Em primeiro lugar, para compreender o surgimento e o desenvolvimento do fenômeno da sofística, é preciso ter presentes os resultados particulares aos quais chegou a especulação naturalista. Estes tinham então chegado ao ponto de se anularem mutuamente: os resultados do eleatismo contradiziam os do heraclitismo; os resultados dos pluralistas contradiziam os dos monistas; ulteriormente, as soluções dos pluralistas se excluíam mutamente, se não nos fundamentos, pelo menos na determinação do pensamento. Parecia, então, que todas as possíveis soluções tinham sido propostas e não eram pensáveis outras: os princípios são um, muitos, infinitos ou até mesmo não existem princípios (eleatas); tudo é móvel, tudo é imóvel; tudo depende de um ordenamento inteligente de uma Mente, tudo deriva de um movimento mecânico; e assim se poderia prosseguir no elenco das antíteses às quais chegara a filosofia da physis.
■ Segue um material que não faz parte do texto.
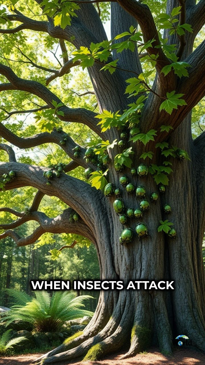 When insects attack a tree, it doesn’t just defend itself. Many trees release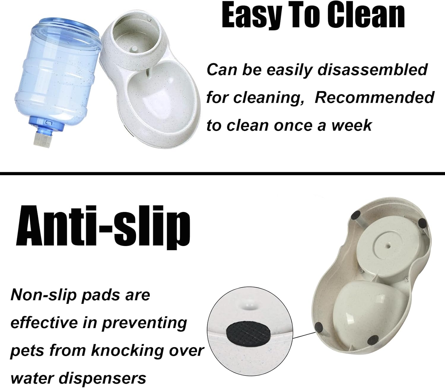 - Gravity Automatic Water Feeder Eliminates the Need for Frequent Refills: Say goodbye to the hassle of manually refilling water bowls multiple times a day. The gravity automatic water feeder system ensures a constant flow of fresh water, eliminating the need for frequent refills.This saves you time and effort, allowing you to focus on taking care of your pets,and all parts are removable, so it's easy to clean.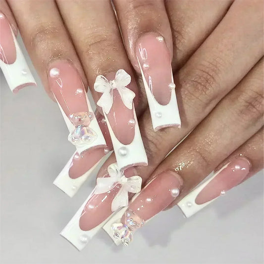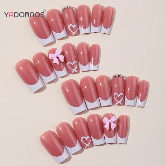 Kawaii Pink Bowknot & Diamond French Tip Press-On Nails πβ¨ | Medium Length Nail Art for Sweet Girls πΈπ
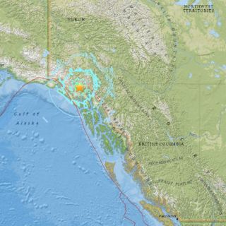 El epicentro del primer temblor, que ocurrió a las 12:31 GMT, fue localizado a 2.2 km de profundidad en el territorio Yukon en Canadá, una reserva ambiental ubicada a 83 kilómetros al noroeste de Skagway, Alaska. Fue seguido por una serie de réplicas, la más fuerte de 5.2.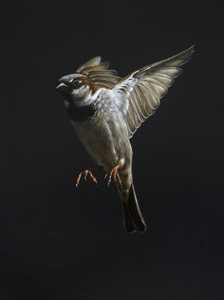 Flutter Posted 2026/01/27 by Turf One acrylic and spray on panel, early 20th century antique oak frame, appx. 15.25×11.75x 0.75” 2025

Até a tentativa de alguns pensadores de retomar e voltar a defender, com oportunas correções, o pensamento de um ou outro dos antigos mestres (por exemplo, a tentativa de Hípon de defender Tales, ou a de Diógenes de Apolônia de defender a doutrina do ar de Anaxímenes) demonstra, como vimos acima, que, então, todas as vias estavam batidas e que a pesquisa do princípio de todas as coisas tinha esgotado todas as possibilidades e tocado os próprios limites. Era fatal, portanto, que o pensamento filosófico deixasse de lado a physis, e deslocasse o próprio interesse para outro objetivo. [Osório diz: a encruzilhada do conhecimento e o kairós dos sofistas. A grande sacada de Protágoras!].
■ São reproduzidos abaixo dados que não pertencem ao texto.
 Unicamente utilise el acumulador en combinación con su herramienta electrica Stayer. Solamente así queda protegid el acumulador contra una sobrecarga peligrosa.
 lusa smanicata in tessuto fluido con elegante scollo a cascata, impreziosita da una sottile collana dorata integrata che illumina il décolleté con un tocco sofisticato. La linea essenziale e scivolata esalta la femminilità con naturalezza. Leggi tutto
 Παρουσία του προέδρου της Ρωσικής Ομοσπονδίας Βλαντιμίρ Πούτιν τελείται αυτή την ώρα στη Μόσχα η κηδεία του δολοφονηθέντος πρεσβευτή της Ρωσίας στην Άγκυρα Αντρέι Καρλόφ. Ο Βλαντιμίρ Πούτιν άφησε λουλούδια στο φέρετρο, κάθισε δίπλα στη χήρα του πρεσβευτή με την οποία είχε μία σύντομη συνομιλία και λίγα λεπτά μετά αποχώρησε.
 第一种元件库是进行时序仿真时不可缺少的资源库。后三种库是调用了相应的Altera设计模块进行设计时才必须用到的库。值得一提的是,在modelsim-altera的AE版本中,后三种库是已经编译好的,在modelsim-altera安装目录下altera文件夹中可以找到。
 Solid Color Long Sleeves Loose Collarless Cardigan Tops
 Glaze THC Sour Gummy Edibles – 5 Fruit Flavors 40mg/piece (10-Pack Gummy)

O novo objetivo foi, justamente, aquele que os naturalistas descuidaram por completo, ou só marginalmente tocaram, vale dizer, o homem e tudo o que há de tipicamente humano. Diz muito bem Nestle: "[...] para os sofistas o homem e suas criações espirituais estão no centro da reflexão. Também para eles vale aquilo que Cícero' diz de Sócrates: `Ele fez descer a filosofia do céu sobre a terra, introduziu-a nas cidades e nas casas e obrigou-a a refletir sobre a vida e os costumes, sobre o bem e o mal'. Para o homem como ente individual e como membro da sociedade é que se volta a atenção da sofística"'. E por isso compreende-se que os temas dominantes da especulação sofística tenham se tornado a ética, a política, a retórica, a arte, a língua, a religião, a educação, tudo aquilo que nós hoje chamamos de cultura humanista. Com os sofistas, em suma, começa aquele que, com expressão correta, foi chamado de período humanista da filosofia antiga”. (Fonte: Sofistas, Sócrates e Socráticos Menores. Editora Loyola: São Paulo, 2009, p. 25-26).